First of all if you think about selling the mustang down the road it'll be tough. Again, I'm not sure about other states, but in my area even trained mustang is not much of interest to the people. In fact same about the lease: people prefer "normal" horses. From those mustangs I've seen around they are not the best looking horses, and also are not suited for some disciplines. _Again, I'm talking only about OWN experience, so all please don't take it personally. Probably there are some nice looking mustangs jumping 5' and do dressage, but I've never run into one. _

As for training, I think with the help of the professional trainer you can accomplish that, but it'll be LONG AND HARD way. I got the wild filly (not a mustang, but no handling domestic yearling + abused) and it's been a very frustrating at times journey (up to the point I was close to give up several times). The only reason I didn't give up I knew she'll end up in slaughter.


----------



## MustangTraining (Oct 8, 2008)

*Training Wild Mustangs*

I train wild mustangs at 3-Strikes Ranch in Nebraska. It isn't the rocket science people make it out to be and the mustangs aren't wild or crazy, however I would recommend getting training from someone who has worked with mustangs. 
Mustangs are highly intelligent so the training doesn't take long at all and they retain everything. 
If you would like more information on our training methods, below are the URLs to our blogs and web site.

Mustang Training at 3 Strikes Ranch

Mustang Outpost in the West

3-Strikes Ranch

We also have a program where you can select a mustang out of our 322 mustangs we have and we will train them for you. You can't go wrong with a mustang, they make loving companions and have great endurance.


----------



## Dave (Nov 4, 2007)

*mustang training*

Happy to hear someone else that trains them say its not rocket science or they are not wild and crazy and they make great all around or specialty horses, I have not looked on your site yet but will later today, I have 5 mustangs that i have trained here at the mizfit craze ranch and they are what we ride daily we have qt and twh but the mustangs are so good and so smart we tend to rely on them more then any other horses we have god bless and keep up the great work with the mustangs


----------



## MustangTraining (Oct 8, 2008)

Hi Dave, 
Thanks for your positive feedback and it wonderful to hear from someone that feels the same way about mustangs as we do at 3-Strikes Ranch.
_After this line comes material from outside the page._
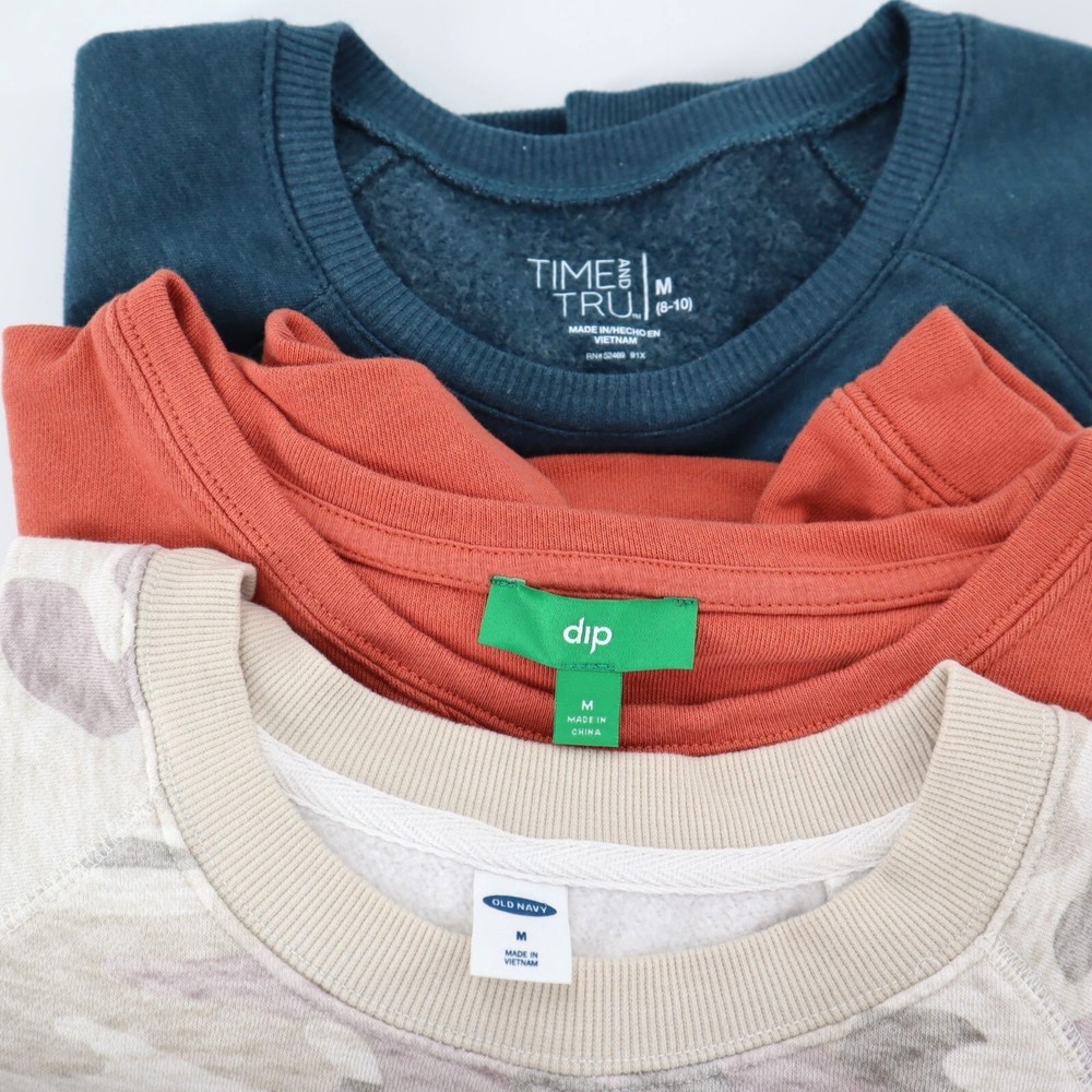Pullover Sweatshirts Bundle Of 3 Women's M Comfy Cozy Loungewear Athleisure Warm Get ready to embrace the ultimate comfort trio: these sweatshirts are like a hug in clothing form. Whether you're planning a Netflix marathon, indulging in a snack attack, or just avoiding doing laundry for one more day, these soft sweatshirts have got you covered. • Crewneck design • Medium size • Long sleeves • Soft fabric Features: • comfy, cozy, loungewear, athleisure, around the house, soft, warm, everyday, casual Size: Womens M Approximate Measurements: Camo Length from center back 22 in / 56 cm Camo Bust, flat lay 21 in / 53 cm Camo Sleeve from neckline 27.5 in / 70 cm Orange Length from center back 21 in / 53 cm Orange Bust, flat lay 21 in / 53 cm Orange Sleeve from neckline 25 in / 64 cm Blue Length from center back 23.5 in / 60 cm Blue Bust, flat lay 20.5 in / 52 cm Blue Sleeve from neckline 27 in / 69 cm Condition: Pre-Owned Good Gently used with no major flaws. The camo and blue sweatshirt have a soft and fuzzier inner side.

I think it is fantastic that your trained your five mustangs.
Does your organization have a web site?
Thanks,
Amanda


----------



## horsey*kisses (May 12, 2008)

whoa that sound really great!
i know definatly that its going to be hard and i think thats the part that appeals to me, i dont really like the way my uncle trains his horses they have no personality and my horse is kind of like that sometimes but im trying to "install" so to speak some individuality in his mind :roll: 
i've seen some people with their mustangs and i've talked with them and from every single one i hear the same thing 
"i love this horse and even though it was hard i wouldnt trade anything for it" but of course i never get to spend time and ask questions because everytime i see these people my uncle is with me and he...lets say he doesnt like mustangs and he drags me away before i can ask any training questions :evil:
im not quite sure why im thinking about doing this so im not going to make any decisions until i come up with a good reason because 'because i can' isnt good enough im delaing with another life here and 'because i can' can turn into something ugly so...
well thanks guys! all of you!!


----------